Week in Review – What happened in mobile advertising this week

Potentially bad news for Facebook this week, as a new function in Apple’s Safari browser can disable Facebook’s tracking of sites which embed its engagement buttons (e.g. the “like” button). It’s not yet clear if Facebook will notice any major effects on its mobile ad business, but many advertisers are furious about Apple’s Intelligent Tracking Prevention.
Meanwhile, Snapchat is getting its act together. The company is rolling out a scheme to entice start-up businesses to advertise on the social media platform. Dubbed Snap Accelerate, the initiative has been designed to help mobile companies boost their marketing reach.
Twitter is also picking up speed as the network announced plans to expand its streaming partnerships and entice advertisers to create video ads to share on the social media network.
On the consumer front, Facebook this week launched an option for users to cross-post their Stories from Instagram to their Facebook Stories. The launch should help people avoid having to manually copy their Stories.
At the same time, Snapchat unveiled Context Cards, which add contextual information to photos that are geo-tagged. Similar to review boards such as Yelp, Context Cards add to the marketing experience on Snapchat as they provide local businesses with an opportunity to boost their presence.
Google has acquired Relay Media in order to boost its Accelerated Mobile Pages (AMP) project. Relay Media was founded in 2015 by an ex-Google employee with the goal of converting web content to the AMP format.

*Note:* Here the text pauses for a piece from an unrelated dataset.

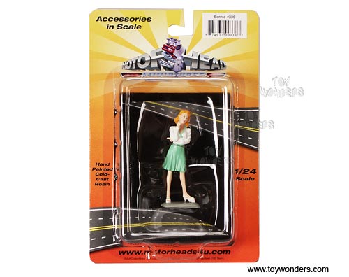 336W Motorhead Miniatures Figurine - 1:24 scale Lady Bonnie in WHITE & GREEN. Hand painted cold-cast resin. This 2.75" figure is great for decorating 1:24 scale cars and dioramas. These figures are manufactured by Motorheads. Individually packed in a blister card. Card size: 5.2" x 7.75". 336

Software Development Kits (SDKs) may pose a threat to mobile users’ privacy. According to SafeDK which tested more than 190,000 free Android apps in the Google Play top charts against 1,000 third-party SDKs, the average Android app uses 17.9 mobile SDKs. Effectively that means consumers are entrusting their data to not just the developers of the apps, but also 18 other platforms.
Surprising research from AdColony this week: Mobile users are predominantly in a good mood when engaging with in-app adverts, according to a survey of 1,500 consumers. The research reveals that overall 75% of consumers were in a good mood whilst viewing in-app ads.
Mobile device usage and in particular multitasking actions are driving media consumption in the US according to a new report from eMarketer. The research firm estimates that individuals in the country will spend roughly 12 hours per day consuming media in 2017.
Whilst marketers may be keen to trade mobile ads 100% programmatically, they’re concerned about high fraud levels and a lack of transparency. According to a survey by Iotec, 62% of respondents plan to increase their programmatic ad spend over the coming 12 months.
Mobile video plays have seen the smallest growth in several quarters, according to Ooyala. Although the share of mobile video plays increased to 56.7%, the 0.4% growth in the quarter represents the smallest gain in a long time for the format. The report also included an examination of mobile video advertising trends. As pre-roll impressions have shortened, impressions on mobile increased to 29% from 20% on smartphones and 13% on tablets.
For 41% of marketers, the development of a unified cross-channel customer experience is at the top of their list, followed by improving their programmatic ad capabilities. That’s according to new research from PlaceIQ.
Interactive video adverts are boosting the amount of time consumers spend with a brand by 47% compared to non-interactive ads. That’s according to new research by Tremor Video DSP.
It seems teens are all about Snapchat. According to a survey of around 6,100 teens in the US, nearly half (47%) of them prefer Snapchat over other social media platforms. The Piper Jaffray survey was conducted in autumn 2017 among predominantly 16-year-olds.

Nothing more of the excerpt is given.